[Opening Data extract section]
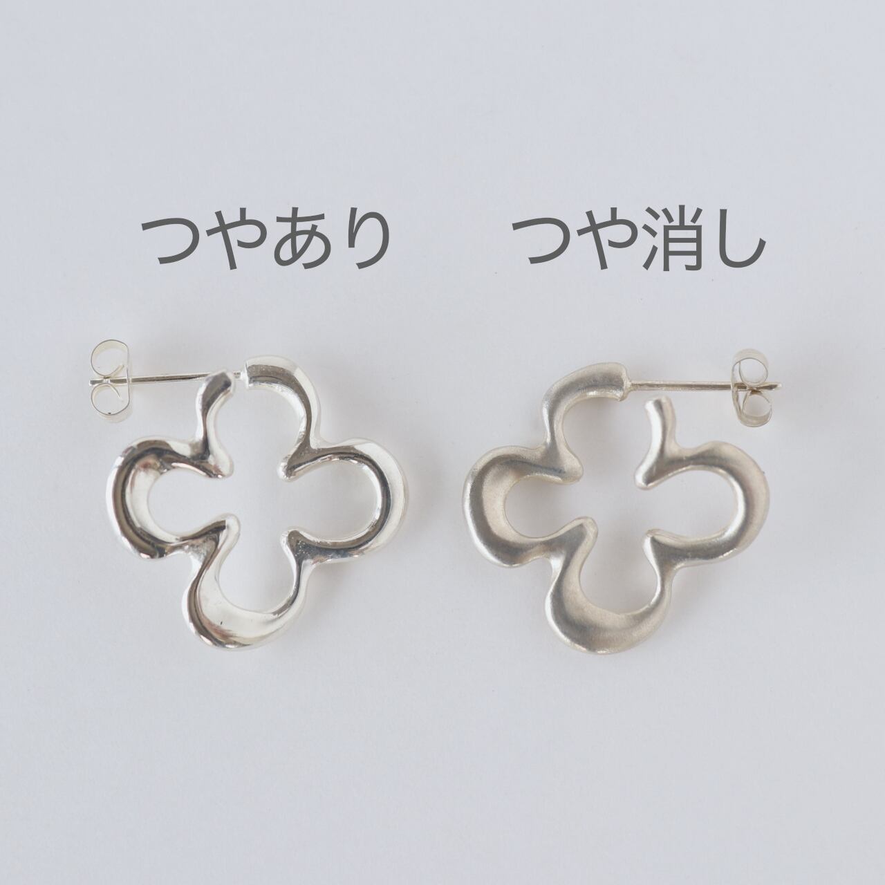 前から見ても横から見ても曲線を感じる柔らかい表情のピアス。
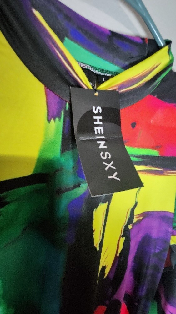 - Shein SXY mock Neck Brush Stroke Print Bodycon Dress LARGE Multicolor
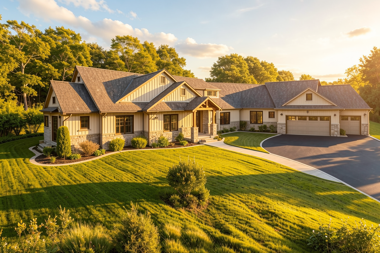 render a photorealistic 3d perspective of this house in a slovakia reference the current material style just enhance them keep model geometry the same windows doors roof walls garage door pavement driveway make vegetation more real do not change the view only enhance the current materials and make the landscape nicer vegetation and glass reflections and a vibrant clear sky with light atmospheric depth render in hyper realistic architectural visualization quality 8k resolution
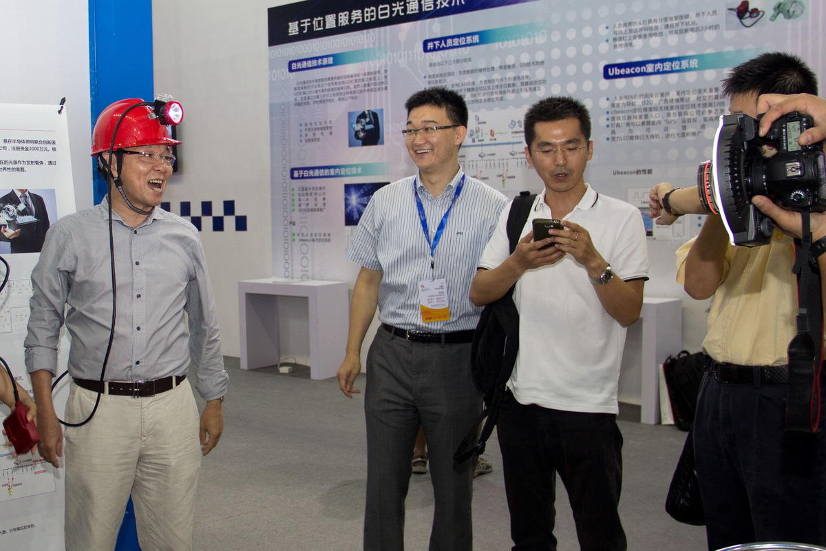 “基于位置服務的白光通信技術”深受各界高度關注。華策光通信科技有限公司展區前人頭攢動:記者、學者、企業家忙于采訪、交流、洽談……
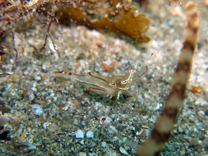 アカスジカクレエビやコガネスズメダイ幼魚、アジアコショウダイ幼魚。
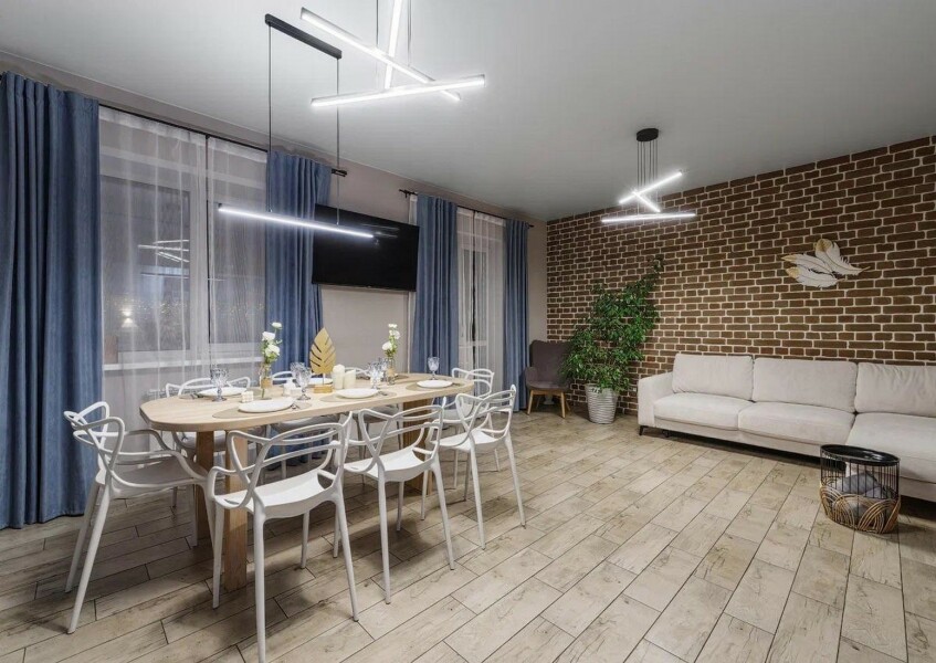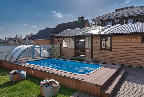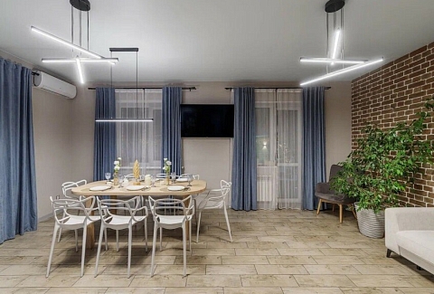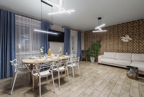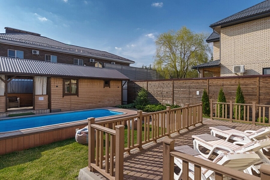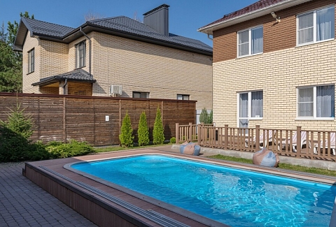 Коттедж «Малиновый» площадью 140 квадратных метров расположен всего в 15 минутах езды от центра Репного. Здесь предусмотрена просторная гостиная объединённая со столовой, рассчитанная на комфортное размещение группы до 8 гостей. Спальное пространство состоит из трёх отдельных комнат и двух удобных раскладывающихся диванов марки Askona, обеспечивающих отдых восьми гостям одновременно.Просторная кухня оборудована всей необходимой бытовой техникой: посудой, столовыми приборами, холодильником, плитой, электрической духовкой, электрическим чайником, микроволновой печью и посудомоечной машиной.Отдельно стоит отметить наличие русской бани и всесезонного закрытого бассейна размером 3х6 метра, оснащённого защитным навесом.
[Closing Data extract section]
- **Try it**: From the records above, transcribe only the stretch from the line with "- Shein SXY" through the line with "アカスジカクレエビやコガネスズメダイ幼魚、アジアコショウダイ幼魚。", keeping both ends. Omit pictures.

- **Response to the exercise**:
 - Shein SXY mock Neck Brush Stroke Print Bodycon Dress LARGE Multicolor
 render a photorealistic 3d perspective of this house in a slovakia reference the current material style just enhance them keep model geometry the same windows doors roof walls garage door pavement driveway make vegetation more real do not change the view only enhance the current materials and make the landscape nicer vegetation and glass reflections and a vibrant clear sky with light atmospheric depth render in hyper realistic architectural visualization quality 8k resolution
 “基于位置服務的白光通信技術”深受各界高度關注。華策光通信科技有限公司展區前人頭攢動:記者、學者、企業家忙于采訪、交流、洽談……
 アカスジカクレエビやコガネスズメダイ幼魚、アジアコショウダイ幼魚。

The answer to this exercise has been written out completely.